◆ **What you have to do**: Ignoring pictures, transcribe exactly the lines between the one containing "b - J. Rodríguez" and the end of the material, both included.

◆ **Data**:
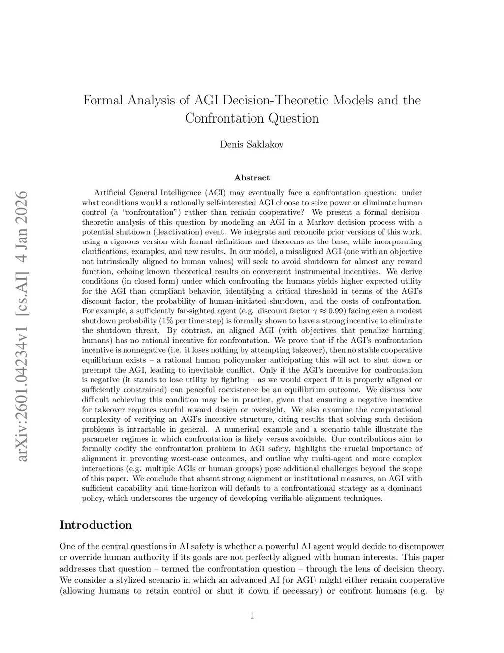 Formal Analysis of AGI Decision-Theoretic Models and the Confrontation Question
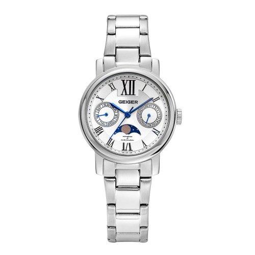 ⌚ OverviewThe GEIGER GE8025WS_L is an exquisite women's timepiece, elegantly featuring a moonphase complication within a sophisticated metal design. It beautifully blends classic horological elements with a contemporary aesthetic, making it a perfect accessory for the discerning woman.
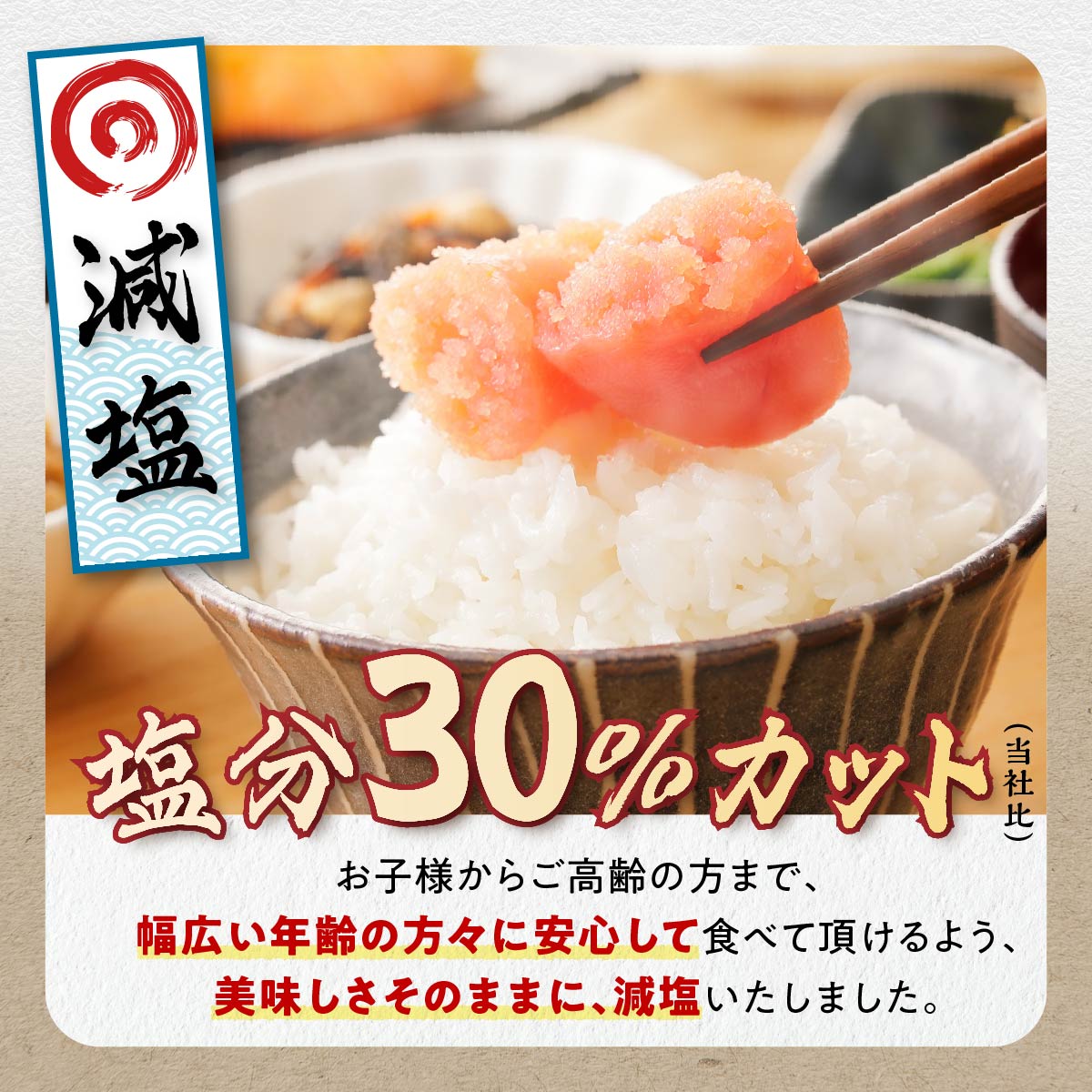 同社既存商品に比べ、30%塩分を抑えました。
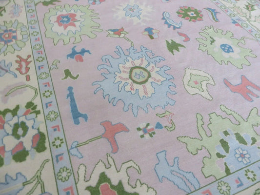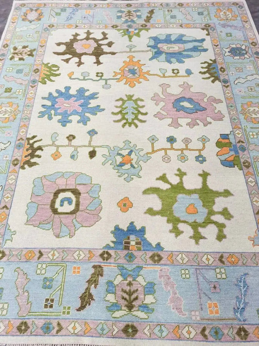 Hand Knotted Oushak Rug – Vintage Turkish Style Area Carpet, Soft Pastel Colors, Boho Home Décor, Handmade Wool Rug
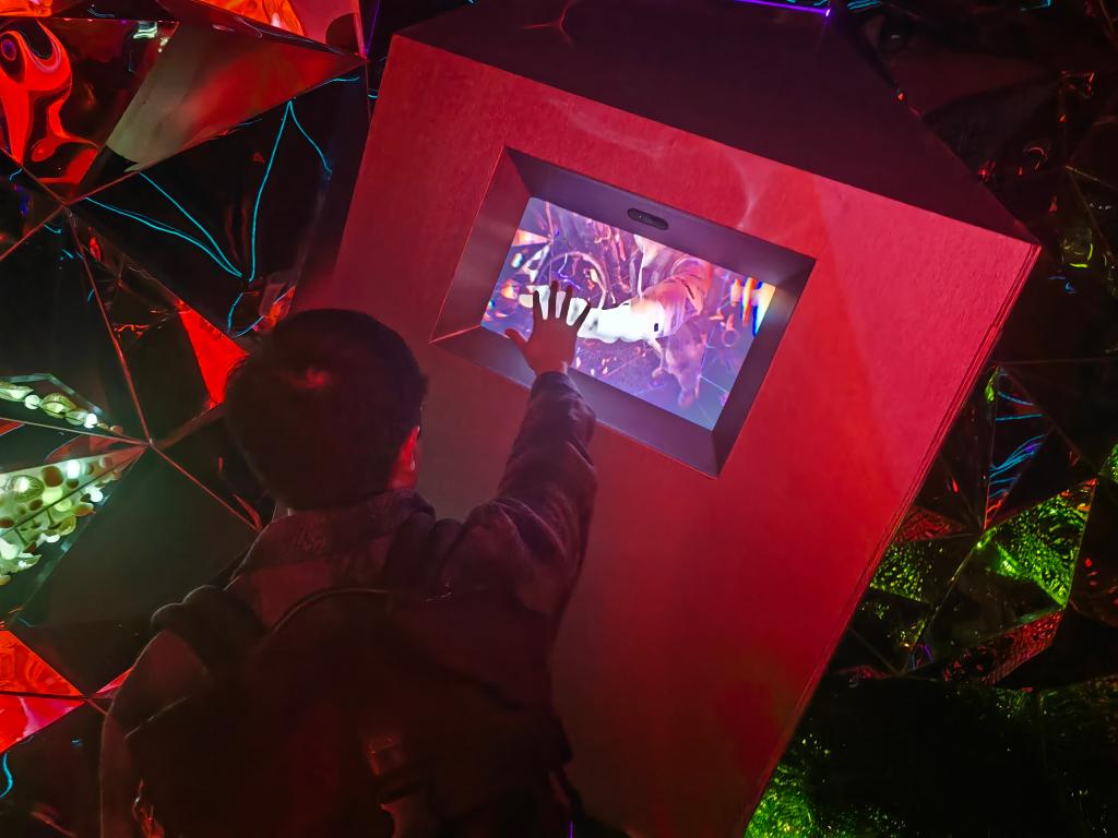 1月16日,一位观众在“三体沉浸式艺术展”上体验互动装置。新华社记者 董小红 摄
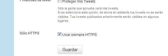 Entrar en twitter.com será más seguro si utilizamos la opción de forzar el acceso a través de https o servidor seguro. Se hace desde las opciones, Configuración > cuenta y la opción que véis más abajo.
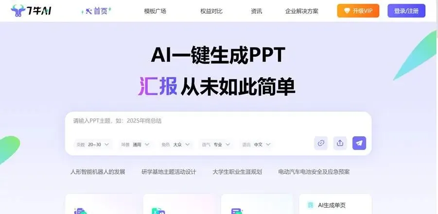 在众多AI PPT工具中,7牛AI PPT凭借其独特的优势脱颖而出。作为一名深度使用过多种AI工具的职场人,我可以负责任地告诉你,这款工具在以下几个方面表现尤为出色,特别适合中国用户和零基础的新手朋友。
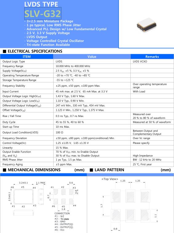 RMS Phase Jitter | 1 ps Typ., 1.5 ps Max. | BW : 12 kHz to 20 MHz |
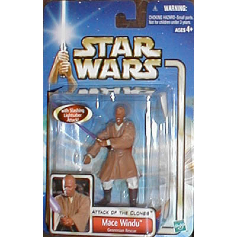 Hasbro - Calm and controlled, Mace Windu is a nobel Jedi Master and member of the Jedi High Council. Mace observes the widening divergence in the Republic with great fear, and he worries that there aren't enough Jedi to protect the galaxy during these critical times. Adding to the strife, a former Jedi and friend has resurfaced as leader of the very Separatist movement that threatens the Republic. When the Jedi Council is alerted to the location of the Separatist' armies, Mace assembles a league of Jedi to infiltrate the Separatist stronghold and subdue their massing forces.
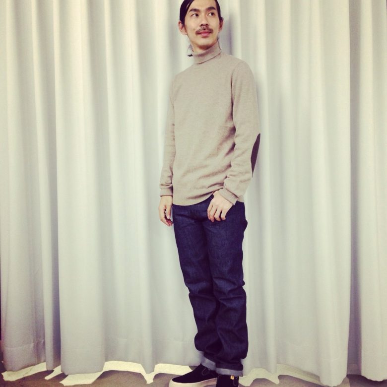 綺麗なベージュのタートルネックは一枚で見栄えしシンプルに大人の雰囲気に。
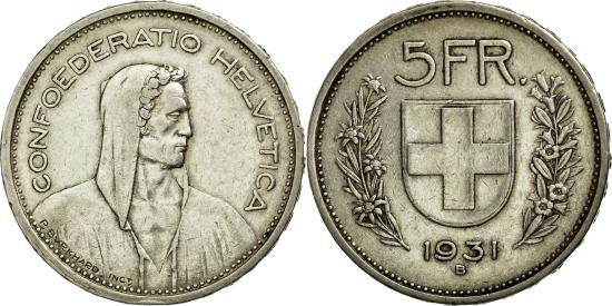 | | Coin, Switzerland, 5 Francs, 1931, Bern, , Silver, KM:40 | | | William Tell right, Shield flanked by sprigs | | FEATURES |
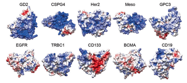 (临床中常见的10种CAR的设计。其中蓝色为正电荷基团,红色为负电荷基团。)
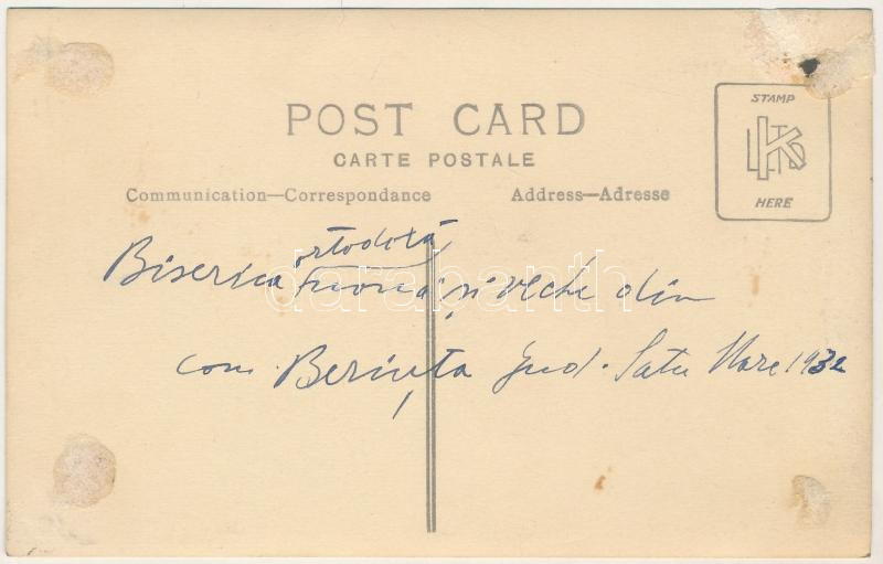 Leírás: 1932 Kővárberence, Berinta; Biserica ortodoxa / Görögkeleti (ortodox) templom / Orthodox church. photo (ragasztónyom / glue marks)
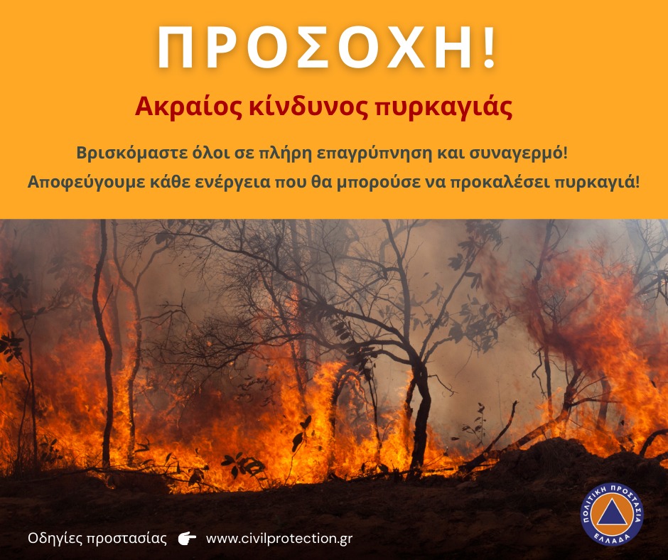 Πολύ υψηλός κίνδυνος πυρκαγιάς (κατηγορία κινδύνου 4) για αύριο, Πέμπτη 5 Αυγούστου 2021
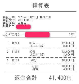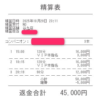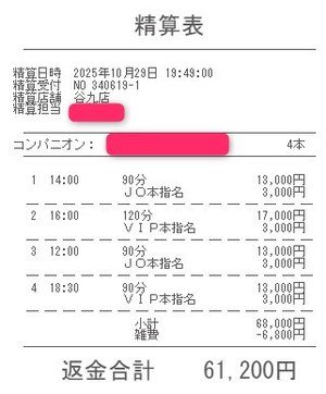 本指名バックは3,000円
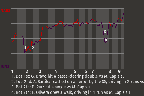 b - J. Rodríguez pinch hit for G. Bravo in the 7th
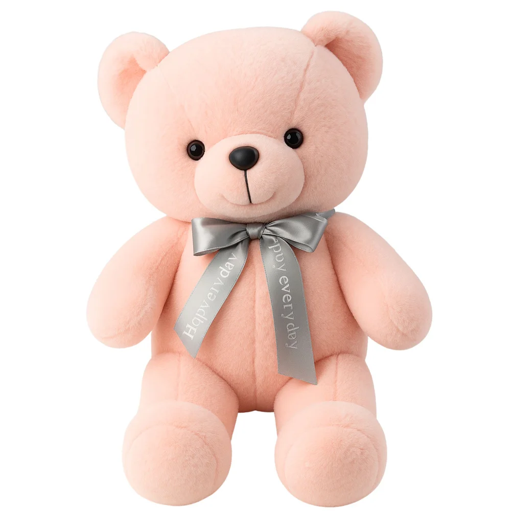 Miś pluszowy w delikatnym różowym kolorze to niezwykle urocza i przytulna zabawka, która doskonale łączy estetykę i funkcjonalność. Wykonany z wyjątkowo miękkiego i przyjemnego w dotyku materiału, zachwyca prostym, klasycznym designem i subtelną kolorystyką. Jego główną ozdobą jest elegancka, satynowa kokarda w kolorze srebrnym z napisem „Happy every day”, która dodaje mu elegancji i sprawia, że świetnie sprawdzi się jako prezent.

◆ **Answer to the exercise**:
 b - J. Rodríguez pinch hit for G. Bravo in the 7th
 Miś pluszowy w delikatnym różowym kolorze to niezwykle urocza i przytulna zabawka, która doskonale łączy estetykę i funkcjonalność. Wykonany z wyjątkowo miękkiego i przyjemnego w dotyku materiału, zachwyca prostym, klasycznym designem i subtelną kolorystyką. Jego główną ozdobą jest elegancka, satynowa kokarda w kolorze srebrnym z napisem „Happy every day”, która dodaje mu elegancji i sprawia, że świetnie sprawdzi się jako prezent.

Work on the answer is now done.